Faine graduated with a Bachelor of Arts in 1979 and a Bachelor of Laws in 1981 at Monash University, where he worked as an intern at the Springvale Legal Centre, and is promoted as a prominent alumnus on the university's website. After graduation, he began his professional career as a solicitor at the Melbourne law firms Barker Harty and Co, and Holding Redlich and Co, and then at the Fitzroy Legal Service.

==Career==
Faine began his professional career practising as a solicitor in various Melbourne law firms, combining work with his love of cars by serving as a motoring reporter for a lawyers' magazine. He acted pro-bono for the Australian Democrats in a number of Court of Disputed Returns matters in the late 1980s with success. In 1989 he began working in radio, producing and hosting The Law Report on the Radio National channel of the Australian Broadcasting Corporation and later working on various ABC radio and television programs.

From 1996 to 2019, Faine hosted ABC's local radio morning program, from 8:30 am to 12:00 noon in Melbourne, including the Conversation Hour which was heard across Victoria from 11:00 am. He is known for vigorous debate and for fostering conversation on politics, law, arts and sport. His highest ratings peaked in September 2002 and in 2003 he received the ABC Local Radio "Broadcaster of the Year" award. He also worked on scripts for a number of television and feature films.

After a leak of ABC presenters' salaries in 2013, Faine disclosed his taxpayer-funded salary to be $300,000 per annum in 2014.

In 2011, Faine was included by Australian Jewish News in its list of the 50 most influential members of the Jewish community in Australia with strong connections to Israel.

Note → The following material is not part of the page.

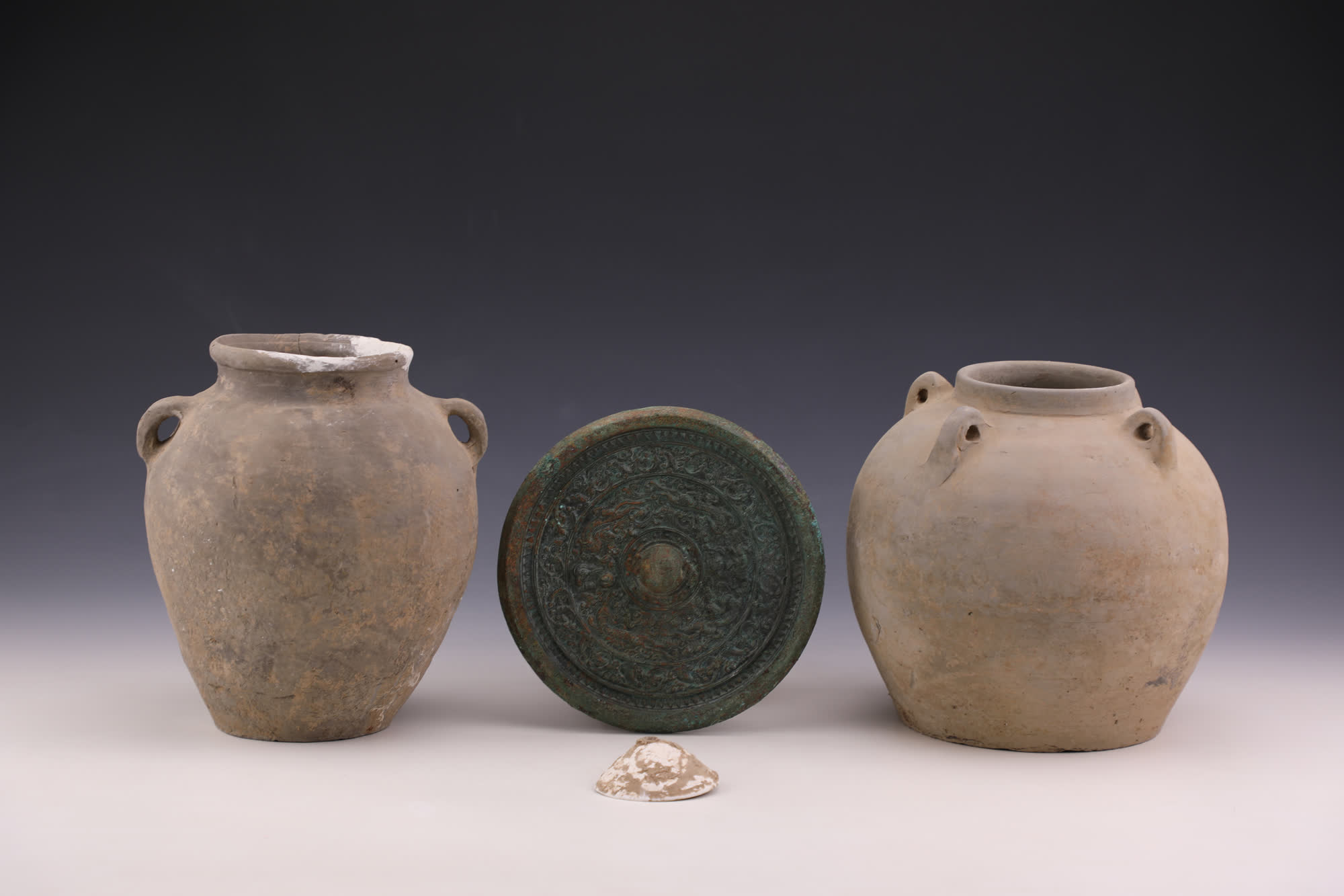 此次發現的唐宮人墓地位於三民村三民墓地,在該墓地已發掘的西晉至隋唐時期的280餘座中小型墓葬中,宮人墓共計57座,分為9排,各墓之間無打破關係。墓葬皆屬直線形土洞墓,主要由墓道和墓室組成,水平殘長約3至7米。墓道為斜坡底,墓室空間狹促低矮,僅可容棺。墓葬均為單人葬,墓主仰身直肢葬,頭向南。隨葬品以陶罐、壺為主,部分墓葬見有貝殼、銅鏡、玉石飾品和黛板等女性妝扮用品。

In 2019, Faine announced his intention to leave the ABC after 23 years presenting the morning program with ABC Melbourne. In May 2019, ABC announced that Virginia Trioli would be leaving the News Breakfast television program to replace Faine.

Faine's last day of presenting was 11 October 2019. The program was broadcast from the Melbourne Town Hall in front of a live audience.

Faine currently writes a column for The Age. His book Apollo and Thelma was published by Hardie Grant in March 2022.

==Personal life==
Together with his son Jack, who was aged 19 at the time, Faine used his long service leave in 2008 to drive overland from Melbourne to London, United Kingdom.

Faine has declared himself as an atheist and that his worldview is one of secular humanism.

==Honours==
Faine was made a Member in the General Division of the Order of Australia (AM) on 26 January 2019.

== Political issues ==

Faine is claimed by some to be a former member of the Australian Labor Party, although he reportedly has never been a member of any political party.

=== AWU affair ===

Faine was reprimanded by the ABC for interviews that he conducted in 2013 regarding the AWU affair, in which he was found to have demonstrated bias in his handling of interviews defending Labor prime minister Julia Gillard's involvement in the AWU's slush fund scandal.

=== Abbott government ===

Faine likened the Abbott government's review of the ABC and SBS to Vladimir Putin's Russia. In a 2015 interview with Liberal prime minister Tony Abbott, Faine criticised Abbott for saying that taxpayers should not have to fund "lifestyle choices" and asked why the prime minister kept "saying stupid things" and suggested Abbott was a bully: "You yourself admit you have an aggressive streak - isn't that the core of bullying?"